Fuel Cost Per Kilometre Calculator
Works out how much fuel costs you for every kilometre driven, from the fuel price and your vehicle’s consumption in litres per 100 km. It turns abstract fuel-economy figures into a real per-kilometre cost.
Last updated: May 2026
Compare with similar
About this calculator
Fuel cost per kilometre tells you what each kilometre of driving actually costs in fuel, which makes it easy to budget trips, compare vehicles, or decide whether a journey is worth driving. The formula is straightforward: fuel price (per litre) × consumption (litres per 100 km) ÷ 100. Dividing by 100 converts the "per 100 km" consumption figure into a per-kilometre amount. If fuel costs $1.80 per litre and your car uses 7 litres per 100 km, each kilometre costs 1.80 × 7 ÷ 100 = $0.126, or about 12.6 cents. Over a 400 km trip that is roughly $50 in fuel. The litres-per-100-km figure is the standard fuel-economy measure in most of the world (lower is better, unlike miles-per-gallon where higher is better). You can use your manufacturer’s combined-cycle rating, but real-world consumption is usually higher — city driving, air conditioning, roof racks, heavy loads, aggressive acceleration, and cold weather all push it up — so for honest budgeting use your own measured figure from a few fill-ups: litres added divided by kilometres driven, times 100. This calculator covers fuel only; the true cost per kilometre of running a car also includes depreciation, insurance, maintenance, tyres, and registration, which together often exceed the fuel cost. Still, fuel cost per kilometre is the most variable and trip-relevant component, and the easiest to act on by driving efficiently or choosing a more economical vehicle. To compare a petrol car with an electric one, compute the EV’s cost per kilometre from its kWh/100 km and your electricity price.
How to use
Example 1 — Family hatchback. Fuel is $1.80/L and the car averages 7 L/100km. Enter 1.80 and 7. Result: $0.126/km. Verify: 1.80 × 7 = 12.6; ÷ 100 = 0.126. ✓ A 300 km weekend trip costs about $37.80 in fuel. Example 2 — Thirsty SUV. Fuel is $2.10/L and the SUV uses 11 L/100km. Enter 2.10 and 11. Result: $0.231/km. Verify: 2.10 × 11 = 23.1; ÷ 100 = 0.231. ✓ Nearly double the hatchback, illustrating how consumption drives running costs.

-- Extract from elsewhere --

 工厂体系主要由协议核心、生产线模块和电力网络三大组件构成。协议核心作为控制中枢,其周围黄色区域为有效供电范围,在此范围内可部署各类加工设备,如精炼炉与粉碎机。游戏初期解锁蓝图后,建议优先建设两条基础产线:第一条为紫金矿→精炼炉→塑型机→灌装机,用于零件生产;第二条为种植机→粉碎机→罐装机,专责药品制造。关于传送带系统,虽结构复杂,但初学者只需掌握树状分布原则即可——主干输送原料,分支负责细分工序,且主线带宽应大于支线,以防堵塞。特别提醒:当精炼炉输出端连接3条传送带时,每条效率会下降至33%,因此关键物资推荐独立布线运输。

Frequently asked questions
Where do I find my car’s fuel consumption figure?
The manufacturer publishes combined, urban, and highway figures in litres per 100 km in the owner’s manual and on the vehicle’s spec sheet or fuel-economy label. However, these official numbers are measured under idealised test conditions and most drivers see higher real-world consumption. For an accurate per-kilometre cost, measure your own: fill the tank, note the odometer, drive normally, refill, then divide the litres added by the kilometres travelled and multiply by 100. Averaging over several tanks smooths out variation. Using your real figure rather than the optimistic sticker value gives a far more honest cost estimate.

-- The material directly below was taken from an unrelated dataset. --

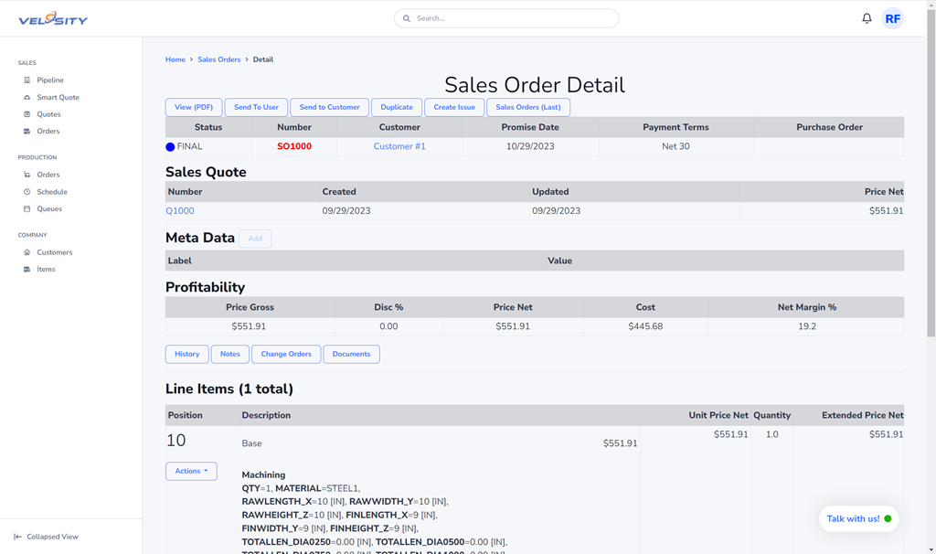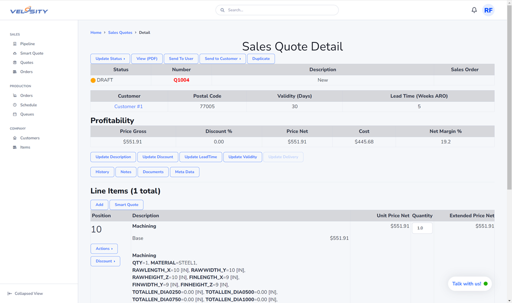 Velosity transformed the quote and order management processes for this company compared to Excel being used previously. It also gained the ability to quickly view and use historical quotes and orders. The Company gained automatic production scheduling that previously had been very time consuming and error prone to manage using Excel.

Why divide by 100 in the formula?
Because fuel consumption is expressed per 100 kilometres, not per single kilometre. If a car uses 7 litres to travel 100 km, then per kilometre it uses 7 ÷ 100 = 0.07 litres. Multiplying that by the price per litre gives the cost of one kilometre. Folding it into one step, cost per km = price × consumption ÷ 100. The division by 100 simply rescales the standard "L/100km" economy figure down to a single kilometre. If your consumption were already given per kilometre, you would skip the division, but virtually all economy ratings use the per-100-km convention.
Does this include all the costs of driving?

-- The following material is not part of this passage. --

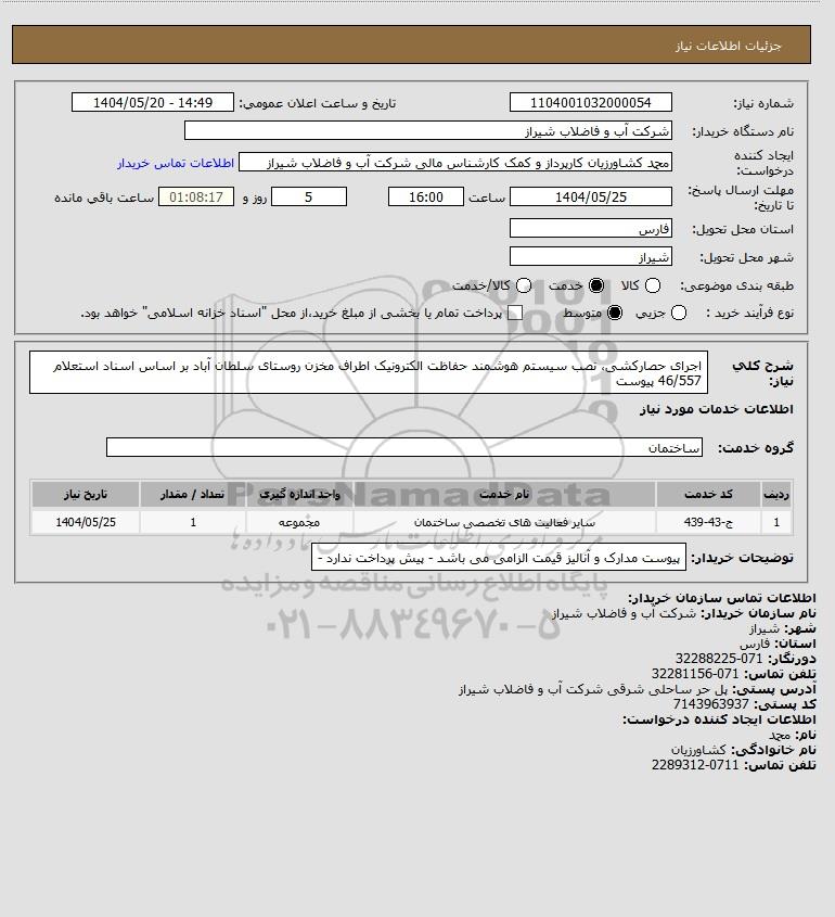 شرح کلی نیاز: اجرای حصارکشی، نصب سیستم هوشمند حفاظت الکترونیک اطراف مخزن روستای سلطان آباد بر اساس اسناد استعلام 46/557 پیوست

No — it covers fuel only. The complete cost of running a vehicle per kilometre also includes depreciation (the largest hidden cost for newer cars), insurance, registration, scheduled servicing, repairs, and tyres. Added together, these non-fuel costs frequently exceed the fuel cost itself, so the true cost per kilometre can be two to four times the fuel figure. Fuel cost per kilometre is still useful because it is the most trip-dependent and controllable component, and it is what changes when you take a longer route or choose a thirstier vehicle. For total ownership cost, build a separate budget that includes the fixed and maintenance items.
What mistakes do people make with fuel cost per km?
A frequent mistake is using the manufacturer’s optimistic combined figure rather than real-world consumption, which understates the cost. Another is forgetting that consumption rises significantly in city traffic, in cold weather, with a full load or roof rack, and with the air conditioning running — so a single highway-trip figure can be misleading for everyday driving. People also mix unit systems, such as entering miles-per-gallon economy into a litres-per-100-km field, which gives nonsense. Finally, some treat the fuel cost as the total running cost and forget depreciation, insurance, and maintenance, dramatically understating what the car really costs to operate.
When should I use a different approach?
If you drive an electric vehicle, this petrol/diesel formula does not apply directly — compute the EV’s cost per kilometre from its energy use (kWh per 100 km) and your electricity price per kWh instead, using the same divide-by-100 logic. If you are comparing the total economics of two cars, you need full cost-of-ownership figures including depreciation and maintenance, not just fuel. For fluctuating fuel prices, use an average price over your typical refuelling period rather than a single day’s pump price. And if your consumption varies widely between city and highway driving, calculate each separately rather than relying on one blended number.